Task brief
Please copy exactly the lines from the one containing "The Green Fluorite" to the end of the entries, both included, and nothing else. Omit every picture.

--- Provided data ---

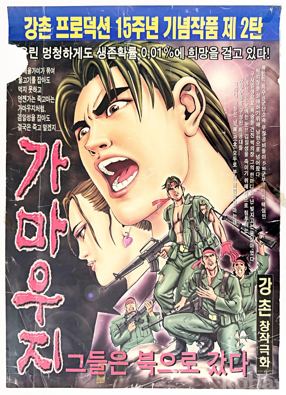 상품 설명 | 강촌 창작극화 '가마우지 : 그들은 북으로 갔다' 만화책 홍보 포스터이다. 왼쪽 옆면 유실됨, 오른쪽 테이프 수리 있음. | ||
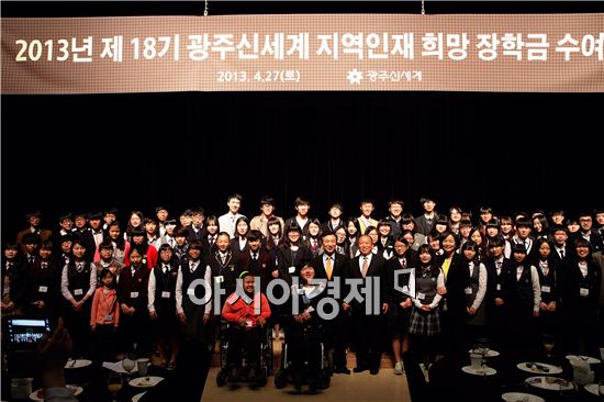 광주신세계(대표이사 유신열)는 27일 제18기 광주신세계 지역인재 희망 장학금 수여식을 가졌다.이날 수여식에서 광주신세계는 장학생으로 선발된 중앙여고 임민선 학생 등 100명의 학생에게 총 1억원의 장학금을 전달하고 격려했다.이 자리에서는 또 봉사활동 실적이 우수한 전남고 박현준, 동아여고 이향련 학생에게 특별상이 전달됐다. 이날 행사에 참석한 경신여고 김수현 학생은 “매년 광주신세계 장학금을 통해 수많은 선배들이 지역을 이끄는 인재로 성장한 사례들을 많이 접해왔다”며 “이번 행사에서 광주신세계가 장학생으로 선발해 준 것에 대해 감사한 마음을 가지고 있다. 지역의 발전을 견인하는 훌륭한 인재로 거듭날 수 있도록 학업에 더욱 정진하겠다”고 말했다.광주신세계 유신열 대표이사는 “광주신세계 희망 장학금을 받은 원년 수혜 학생이 어느덧 성인이 되어 지역발전에 이바지하고 있는 인재로 성장했다는 소식을 접할때가 가장 뿌듯하다”면서 “광주신세계의 대표적인 지역친화 사업으로써 매년 꾸준히 진행돼 오고 있는 ‘광주신세계 지역인재 희망 장학금 수여식’이 앞으로도 지역의 일꾼을 양성하는데 커다란 힘이 될 수 있도록 지원을 아끼지 않을 것"이라고 밝혔다.한편, 광주신세계는 광주·전남 지역 54개 고등학교장의 추천을 받아 54명을 선발했고, 나머지 46명은 어린이 재단, 장애인 총연합회, 다문화가족 지원센터 등 유관기관을 통해 추천받아 각각 100만원씩의 장학금을 전달했다.정선규 기자 sun@ <ⓒ세계를 보는 창 경제를 보는 눈, 아시아경제(www.asiae.co.kr) 무단전재 배포금지>
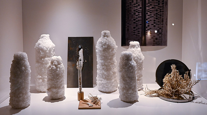 Utilizando agua salada, el material emblemático de Bondi, la artista cristaliza una serie de estanques con monedas de cobre, flores y conchas sumergidas, de cuyas silenciosas mutaciones salinas es testigo la frondosa vegetación circundante. Sin embargo, este crujiente silencio resulta engañoso ya que entre los objetos están teniendo lugar una serie de interacciones materiales que no por ser imperceptibles a simple vista resultan menos intensas. Estas relaciones invisibles, y al mismo tiempo transformadoras, entre los seres humanos, los componentes químicos y las plantas son claves en la obra de Bondi.
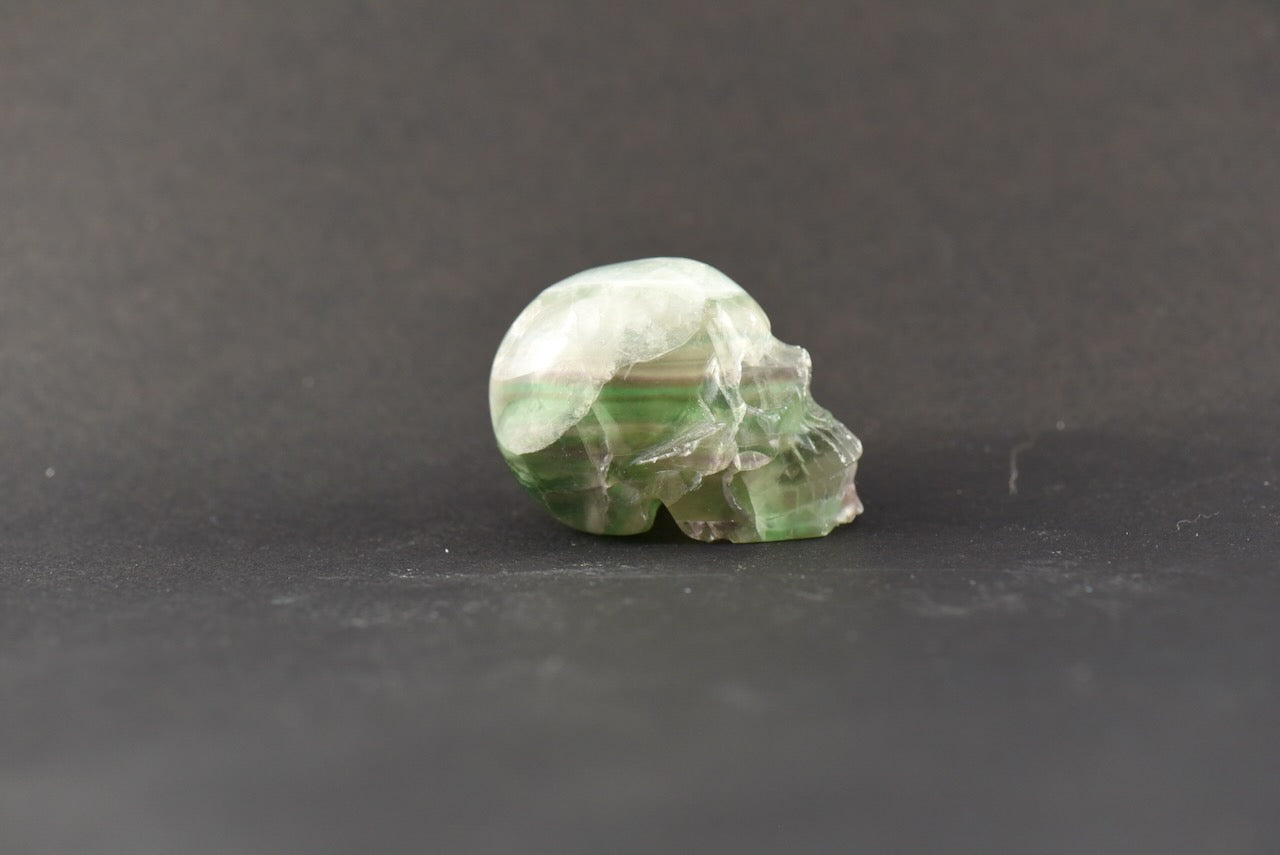 The Green Fluorite Skull showcases soft to vibrant green tones with natural banding and translucent layers that reflect light beautifully. Known for its cleansing and harmonizing properties, it carries a refreshing energy that promotes mental clarity, focus, and heart healing. Inclusions and subtle shifts in color add depth and uniqueness to each piece. This skull serves as a gentle guide for emotional balance, decision-making, and energetic renewal.
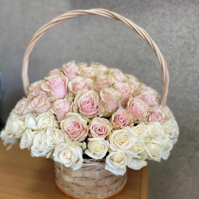 Роза Эквадор – 99 шт.Лента атласная – 2 шт.Корзина плетеная – 1 шт.Упаковка дизайнерская – 2 шт.
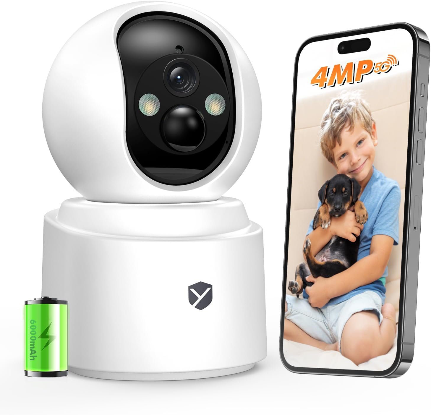 4MP 2.5K Indoor Camera Wireless, 6000mAh Battery Powered, 360° View, 5G&2.4G WiFi, Color Night Vision, 2-Way Audio, Home Security/Dog/Pet Camera with Phone App, AI Motion Detection, Cloud/TF Storage

---

Task result
 The Green Fluorite Skull showcases soft to vibrant green tones with natural banding and translucent layers that reflect light beautifully. Known for its cleansing and harmonizing properties, it carries a refreshing energy that promotes mental clarity, focus, and heart healing. Inclusions and subtle shifts in color add depth and uniqueness to each piece. This skull serves as a gentle guide for emotional balance, decision-making, and energetic renewal.
 Роза Эквадор – 99 шт.Лента атласная – 2 шт.Корзина плетеная – 1 шт.Упаковка дизайнерская – 2 шт.
 4MP 2.5K Indoor Camera Wireless, 6000mAh Battery Powered, 360° View, 5G&2.4G WiFi, Color Night Vision, 2-Way Audio, Home Security/Dog/Pet Camera with Phone App, AI Motion Detection, Cloud/TF Storage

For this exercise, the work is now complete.